◆ Exercise details
Exactly as they appear, retype the lines from the one containing "Smart Check | |" through the final line of the data below. Leave pictures out.
[Opening Study material section]
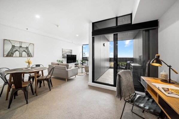 Levende 1 sengs CBD-lejlighed med udsigt over byen og parkering
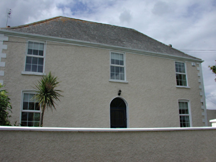 Detached three-bay two-storey over basement house, c.1760. Roughcast rendered walls, smooth rendered to east side, with render quoins. uPVC casement windows in shallow segmental-headed openings. Replacement glazed timber door and radial fanlight. Single-storey lean-to extension to west side. Hipped slate roof.
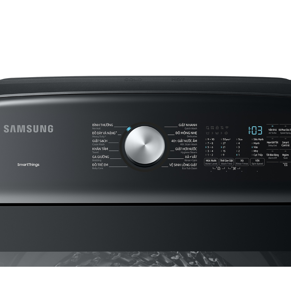 | Các sự lựa chọn thêm | Water Level, Wash Time, Rinse Times, Spin Speed, Air Turbo, Speed Spray, Delay End, Smart Control, Alarm Off, Soak, (Long Key )Child Lock, Smart Check | |
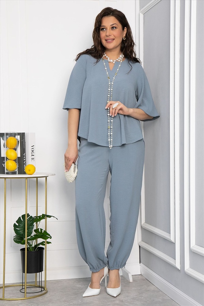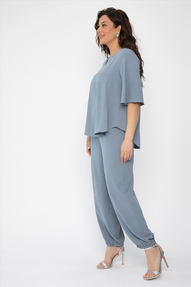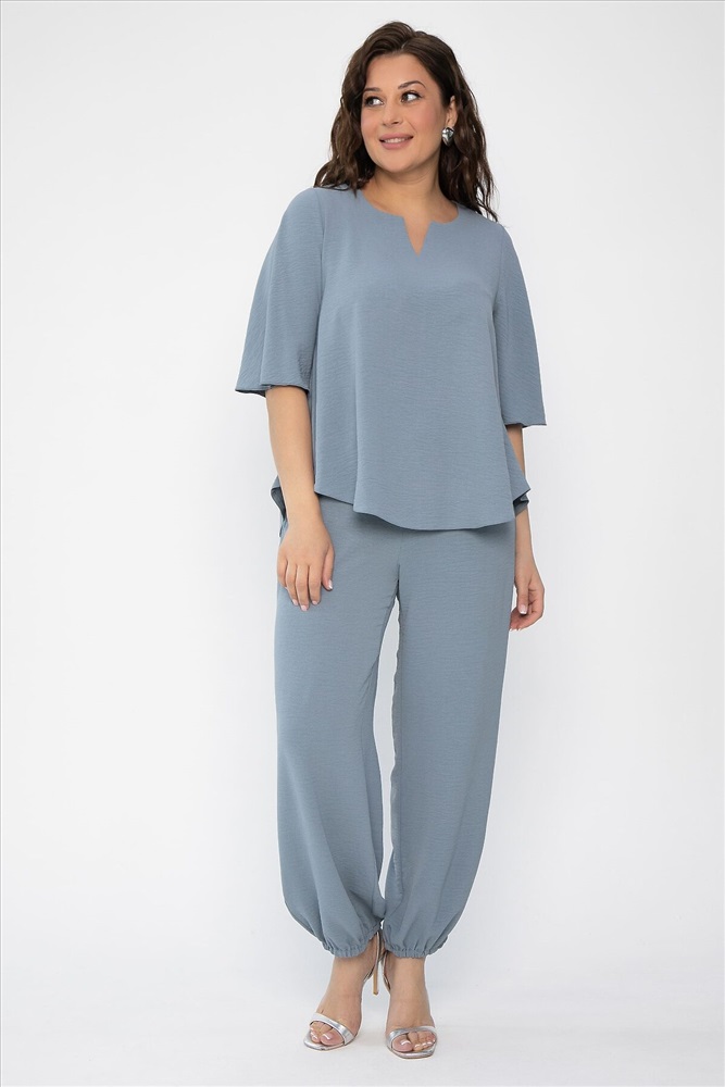 Легкий, приятный к телу брючный костюм в серо-голубом оттенке, преимущественно из хлопка, покорит вас с первого прикосновения. Блуза свободного кроя с воздушными фалдами имеет рукав средней длины и V-образный вырез. Свободные брюки в стиле палаццо придают костюму легкость и особый шик. Брюки имеют пояс на комфортной резинке, что позволяет чувствовать себя свободно и не сомневаться при выборе размера. Низ брюк деликатно собран резинкой, которую по желанию можно растянуть/стянуть по размеру своей ножки или вовсе убрать, и тогда у вас получатся прямые к низу брюки. Свободный силуэт костюма подходит абсолютно для любой фигуры. Костюм актуален для любого мероприятия, романтических встреч и летних прогулок..
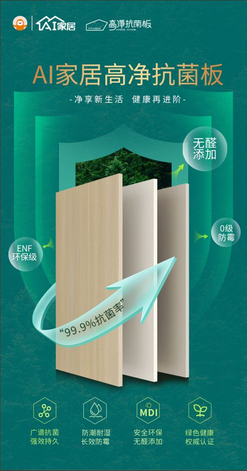??AI家居高凈抗菌板,作為集“無醛添加、抗菌、防霉”三重守護力于一體的環(huán)保板材,是品牌為廣大消費者打造健康整家新防線,積極推進國家兒童友好空間體系建設的拳頭產(chǎn)品。從原材料的選取、基材成型,到裁板切割、封邊貼面,生產(chǎn)過程不添加甲醛物質,真正實現(xiàn)無甲醛添加。
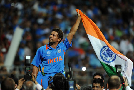 Indian cricketer Sachin Tendulkar waves the Indian flag as he celebrates his team's victory during the ICC Cricket World Cup final match between India and Sri Lanka at The Wankhede Stadium in Mumbai. (AFP)
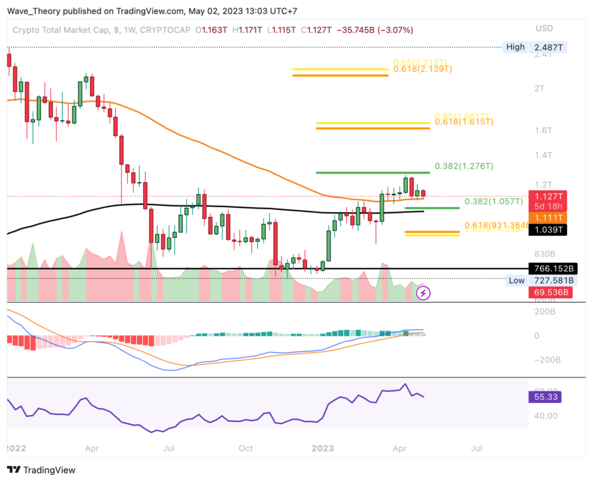 Der Kryptomarkt konnte sich letzte Woche über der 50-Wochen-EMA Unterstützung bei rund 1,11 Billionen USD halten. Wenn diese Unterstützung jetzt bricht, warten bei rund 1,05 Billionen USD und bei rund 930 Milliarden USD die nächsten signifikanten Fib Unterstützungen.
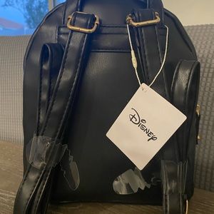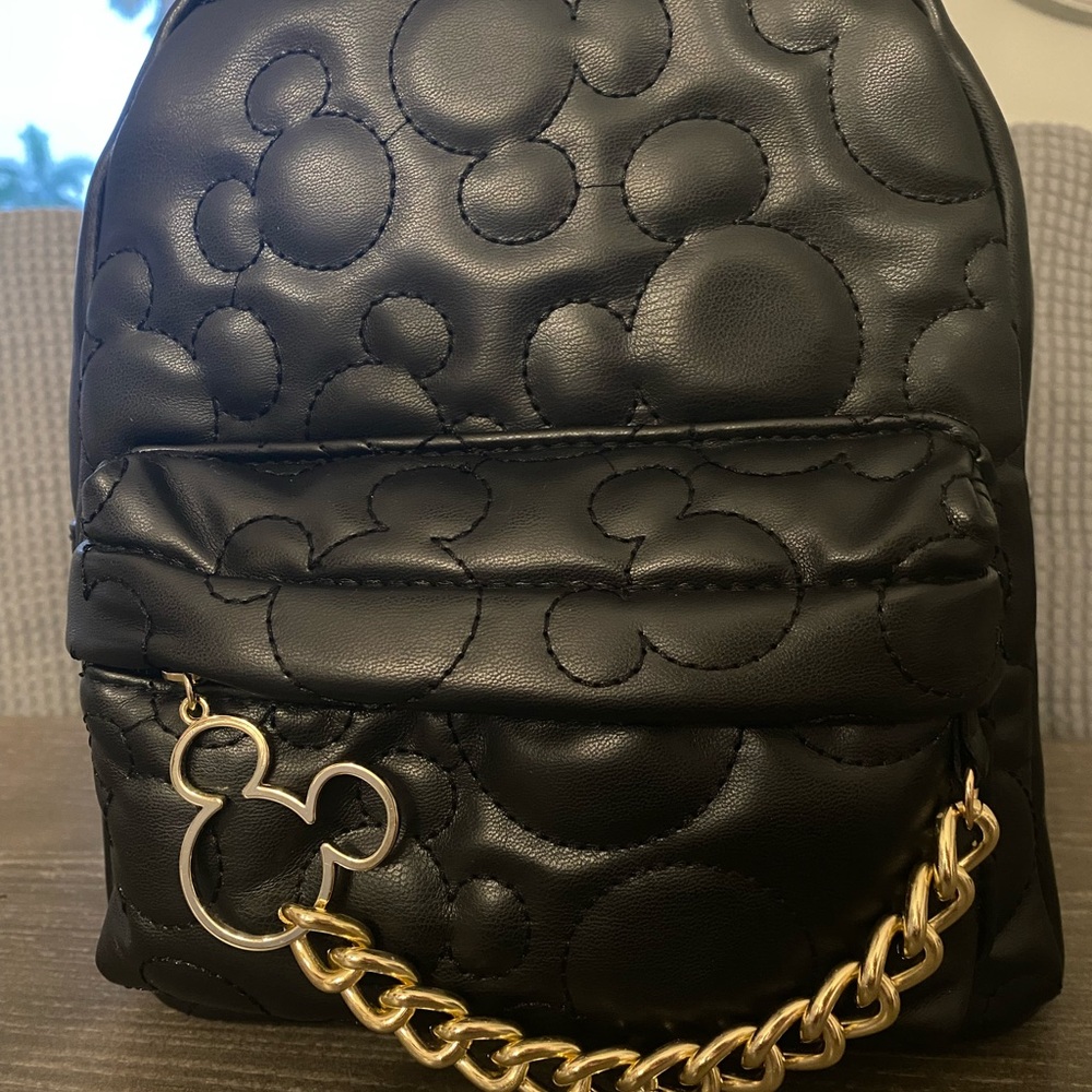 Black disney backpack with gold chain.
[Closing Study material section]
◆ Finished task
 | Các sự lựa chọn thêm | Water Level, Wash Time, Rinse Times, Spin Speed, Air Turbo, Speed Spray, Delay End, Smart Control, Alarm Off, Soak, (Long Key )Child Lock, Smart Check | |
 Легкий, приятный к телу брючный костюм в серо-голубом оттенке, преимущественно из хлопка, покорит вас с первого прикосновения. Блуза свободного кроя с воздушными фалдами имеет рукав средней длины и V-образный вырез. Свободные брюки в стиле палаццо придают костюму легкость и особый шик. Брюки имеют пояс на комфортной резинке, что позволяет чувствовать себя свободно и не сомневаться при выборе размера. Низ брюк деликатно собран резинкой, которую по желанию можно растянуть/стянуть по размеру своей ножки или вовсе убрать, и тогда у вас получатся прямые к низу брюки. Свободный силуэт костюма подходит абсолютно для любой фигуры. Костюм актуален для любого мероприятия, романтических встреч и летних прогулок..
??AI家居高凈抗菌板,作為集“無醛添加、抗菌、防霉”三重守護力于一體的環(huán)保板材,是品牌為廣大消費者打造健康整家新防線,積極推進國家兒童友好空間體系建設的拳頭產(chǎn)品。從原材料的選取、基材成型,到裁板切割、封邊貼面,生產(chǎn)過程不添加甲醛物質,真正實現(xiàn)無甲醛添加。
 Indian cricketer Sachin Tendulkar waves the Indian flag as he celebrates his team's victory during the ICC Cricket World Cup final match between India and Sri Lanka at The Wankhede Stadium in Mumbai. (AFP)
 Der Kryptomarkt konnte sich letzte Woche über der 50-Wochen-EMA Unterstützung bei rund 1,11 Billionen USD halten. Wenn diese Unterstützung jetzt bricht, warten bei rund 1,05 Billionen USD und bei rund 930 Milliarden USD die nächsten signifikanten Fib Unterstützungen.
 Black disney backpack with gold chain.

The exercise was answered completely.